By the next day, the parallel market rate had plunged to N522/$ and then N525/$ as the markets tried to process the implications of the CBN’s decision on businesses. Since then, the naira has gradually appreciated, to currently trade at N508/$ (August 4). Other market rates have also appreciated. For instance, the IATA rate (the exchange rate used by airlines to issue tickets) moved from N460/$ to N412-N413.

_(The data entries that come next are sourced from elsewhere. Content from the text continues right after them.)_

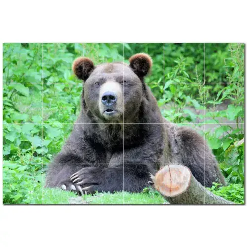 ภาพจิตรกรรมฝาผนังกระเบื้องเซรามิกหมี PT500110 72 "W x 48" H ชุดกระเบื้อง24 12X12
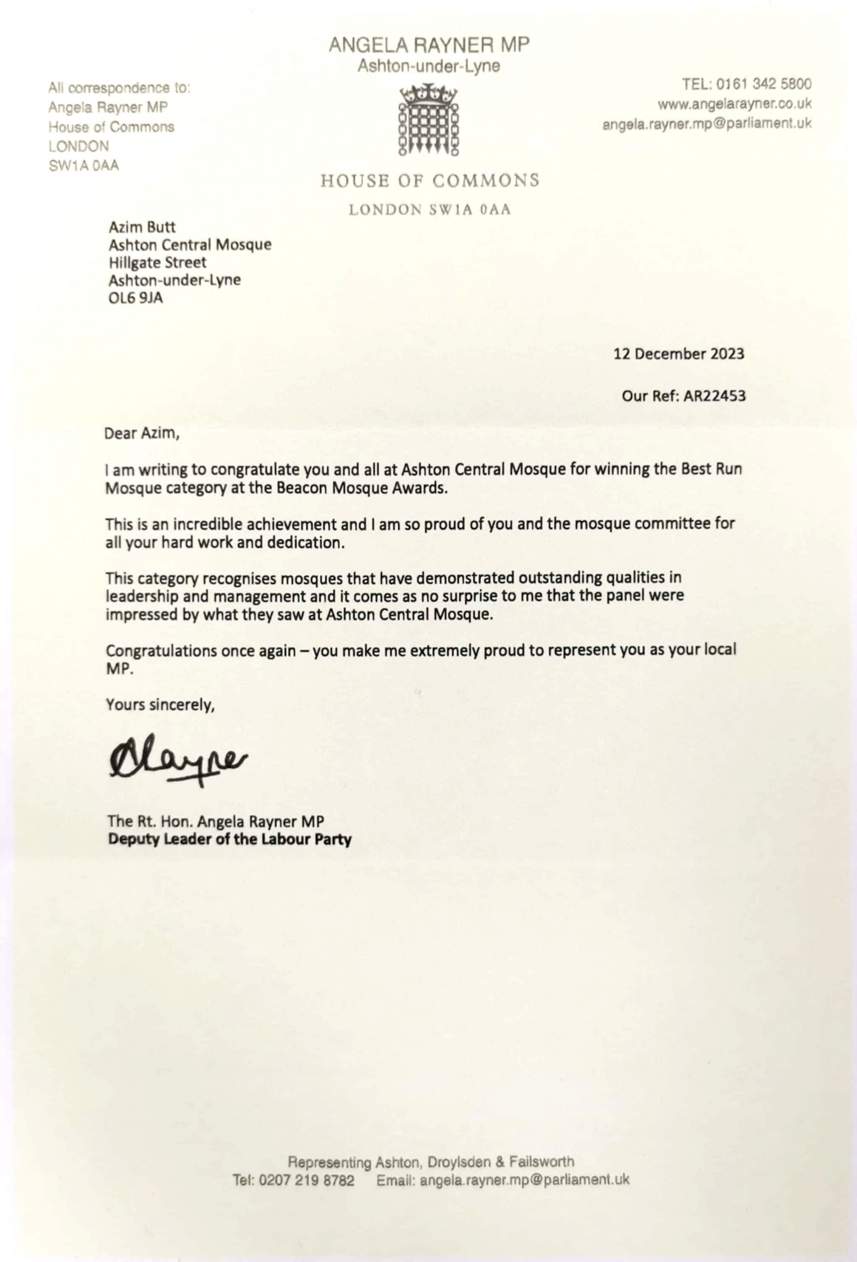 “Ashton Central Mosque is a a shining example of community engagement and positive change. They have orchestrated a multitude of impactful community projects and campaigns, all orchestrated by their dedicated management team in collaboration with the local community”
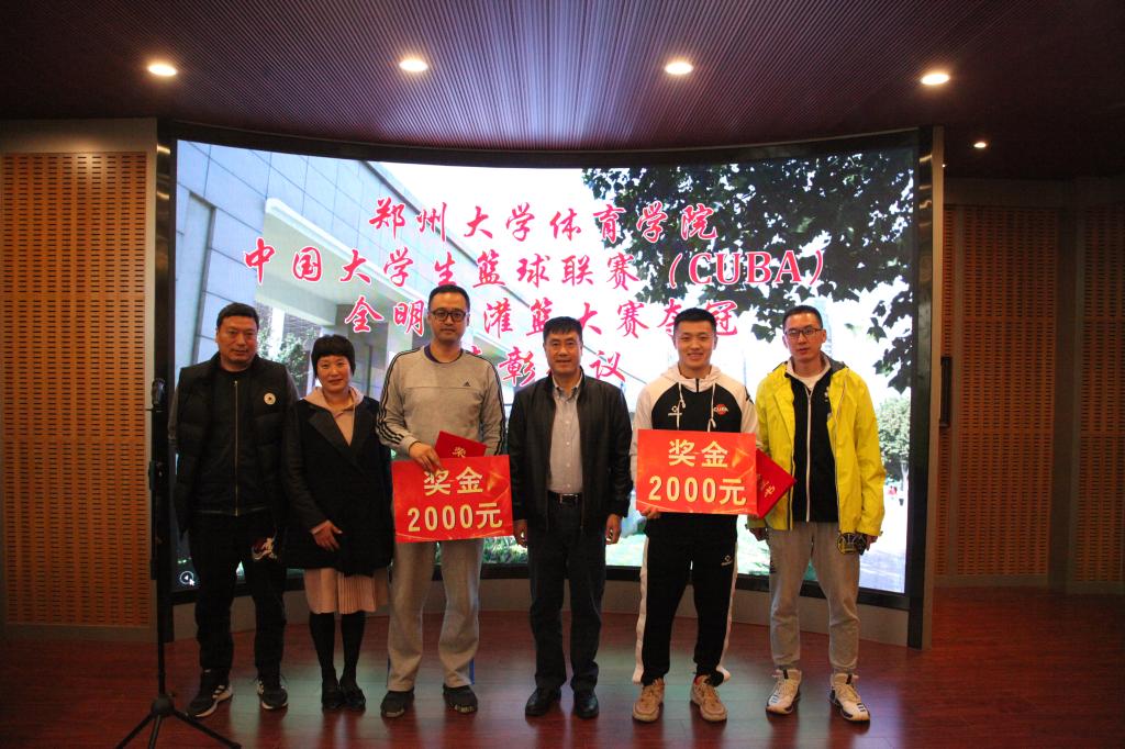 4月7日上午,郑州大学体育学院在教学楼3D实训室召开会议,对前不久在中国大学生篮球联赛(CUBA)全明星灌篮大赛夺冠的杨浩同学和郑大体院男子篮球队主教练黄伟老师进行表彰。郑大体院篮球队教练团队,男子篮球队队员,竞训处全体人员参加表彰会。
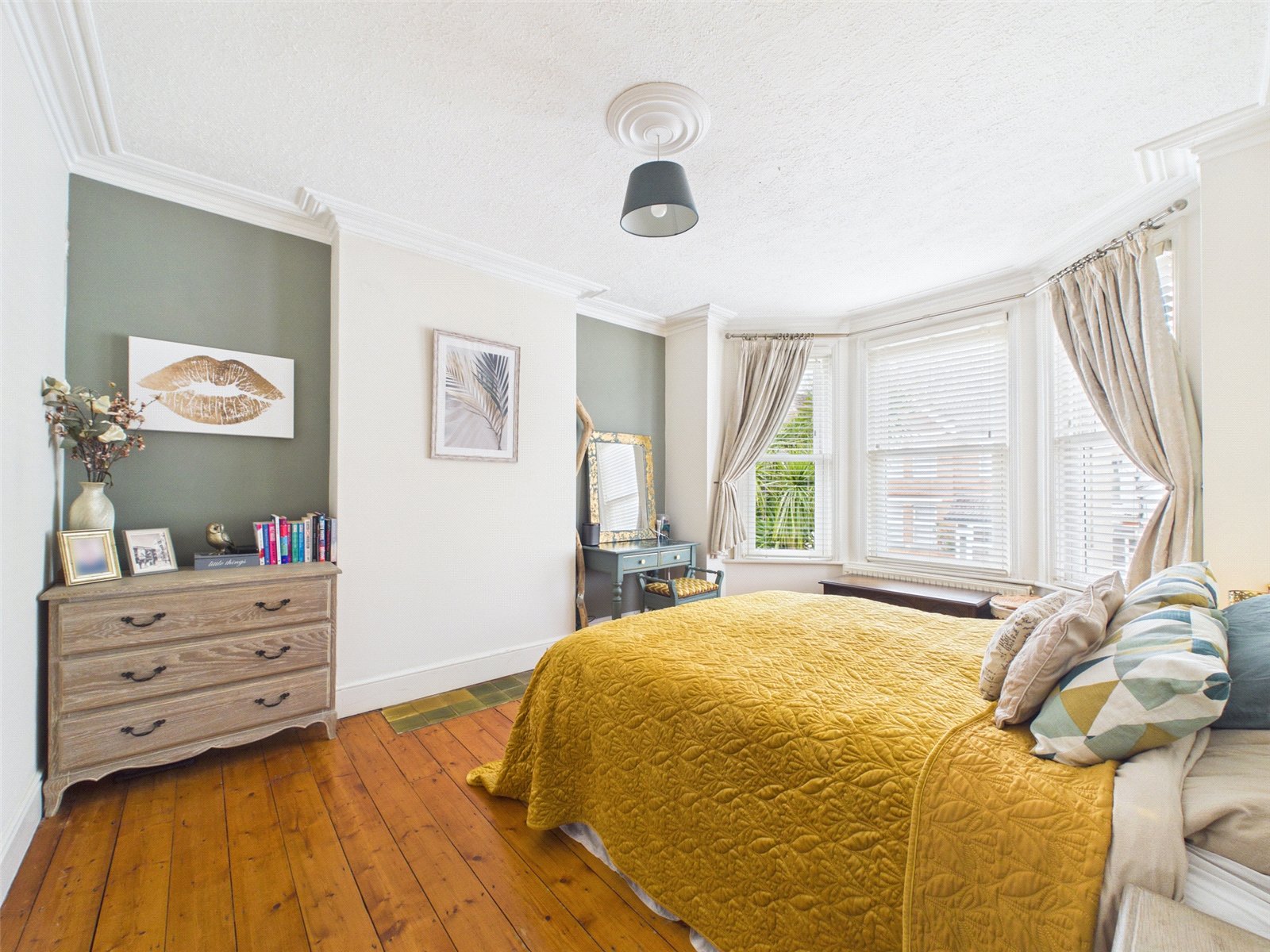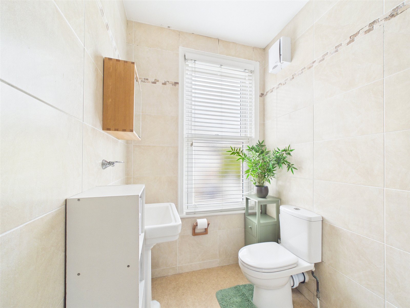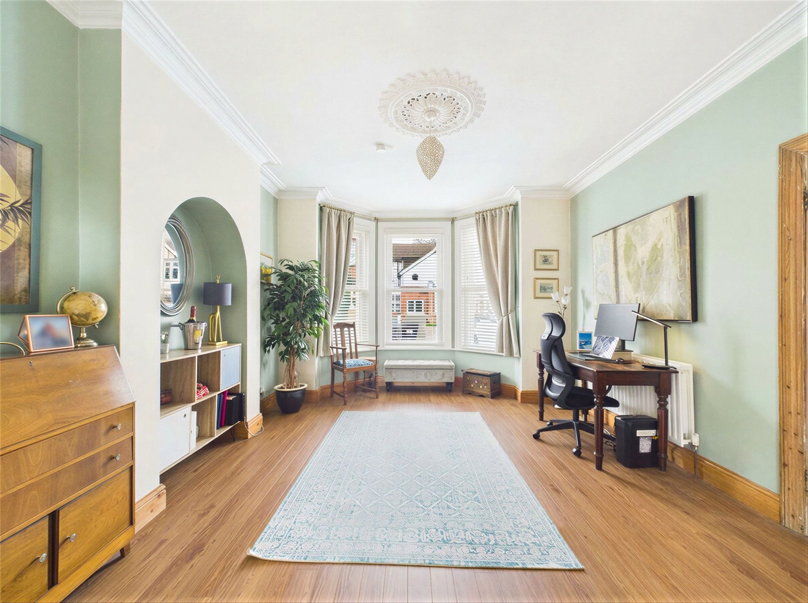 Ascending the stairs, a split-level landing features original wood flooring and useful storage, including a linen cupboard. From here, doors lead to all three double bedrooms, the family bathroom, and a separate shower room.

Since the CBN is expected to shift the forex supply previously sold to BDCs to the banks, we expect to see an increase in vol- ume and turnover in the banking segment of the forex market, making dollar sales more accessible to the public. This will lead to an appreciation of the exchange rate for invisibles such as PTA, BTA, tuition etc. Also, the parallel market rate deprecia- tion will continue albeit temporarily, leading to a widening of the forex market premium. However, as the market adjusts to the new forex ban, the spike in the parallel market premium will fizzle out, leading to a convergence of rates around the IEFX window.
The banks will benefit from the increased forex supply from the CBN and in return record an increase in transactions. However, the cumbersome documentation process required by banks will remain a challenge for the public. We expect the markets to adjust to the new norm, while the BDCs will be forced to survive or become extinct in the new forex market era.